Каким образом деньги обращаются? Путем повсеместной цепи платежей. Покупки, инвестиции, налоги, оплата труда, оплата услуг — все происходит в виде платежей от кого-то кому-то. Говоря коротко, платеж есть элемент обращения. Из этих двух Марксовых функций денег одна включает другую как свой элемент (см. у Борхеса). Осталось четыре функции.

Далее, есть национальная валюта и есть международная («мировые деньги»). То и другое выступает в функциях «средства обращения», «меры стоимости» и «средства накопления». Короче, выражение деньги в функции «мировых денег» есть тавтология: деньги в функции денег (опять см. у Борхеса). В итоге, приходим к трем функциям денег, как это понимается в обычной, немарксистской науке.

М. Фуко рассказал, как он хохотал над Борхесовой классификацией (далее курсив его): «Предел нашего мышления — то есть совершенная невозможность мыслить таким образом — вот что сразу открывается нашему взору, восхищенному этой таксономией…». Как видим, для Маркса нет ничего невозможного — он мыслил как раз таким образом.

 

Но все это неважно. А важно, что…

…капиталистический способ производства есть зло по всем статьям:

1. Подрыв «источников всякого богатства — земли и рабочего» (с. 515).

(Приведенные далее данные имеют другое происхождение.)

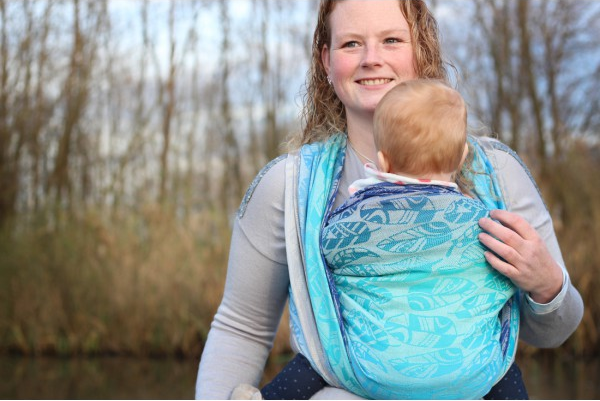 Le Ring Sling Four Winds Aqua Grad Natural Hemp de Yaro est une écharpe à anneaux très facile et rapide à installer.

2. Создание свободного времени буржуазии «посредством превращения всей жизни масс в рабочее время» (с. 539).

3. Сокрытие «тайны самовозрастания капитала» за счет неоплаченного труда (с. 544).

4. Производство и воспроизводство (наряду с товарами) еще и «отношения эксплуатации» (с. 591).

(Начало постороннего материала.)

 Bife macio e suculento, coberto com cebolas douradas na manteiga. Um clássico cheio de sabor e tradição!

Как говорится, чего же боле?

Однако, это не конец, а только лишь прелюдия.

 

Всеобщий кошмар капиталистического накопления

Только после представленного выше нагнетания страстей выдвигается главное обвинение: чем больше общественное богатство, тем больше «промышленная резервная армия». И тогда: «Но чем больше эта резервная армия по сравнению с активной рабочей армией, тем обширнее постоянное перенаселение, нищета которого прямо пропорциональна мукам труда активной рабочей армии…»

В этом месте Маркс выкидывает такой номер, перед которым бледнеют любые наши комментарии. Как бы вопрошая: ну хоть один дурак догадается ли? Дело в том, что в немецком оригинале сказано «обратно пропорциональна», а во французском авторизованном издании — как в приведенной выше цитате («обратно пропорциональна»). Русская редакция (Институт марксизма-ленинизма при ЦК КПСС) предпочла французский вариант, оговорив в примечании то, что сказано в немецком оригинале. По-французски одно, по-немецки — противоположное… А как по-испански, по-итальянски, на сербскохорватском, угро-финском? А как на арабском? суахили? урду? пушту? иврите? санскрите?

А как правильно?

Дорогие товарищи! Да не все ли нам равно? Так ли уж существенно — «прямо пропорциональна» или «обратно», да чьи там муки, да чей там труд!.. Написал же Маркс для немцев одно, для французов — противоположное. И ничего не случилось. Все — марксисты. Все согласны: «прямо» — так прямо, «обратно» — так обратно. Как ни скажи, смысл не меняется. Оба варианта правильны!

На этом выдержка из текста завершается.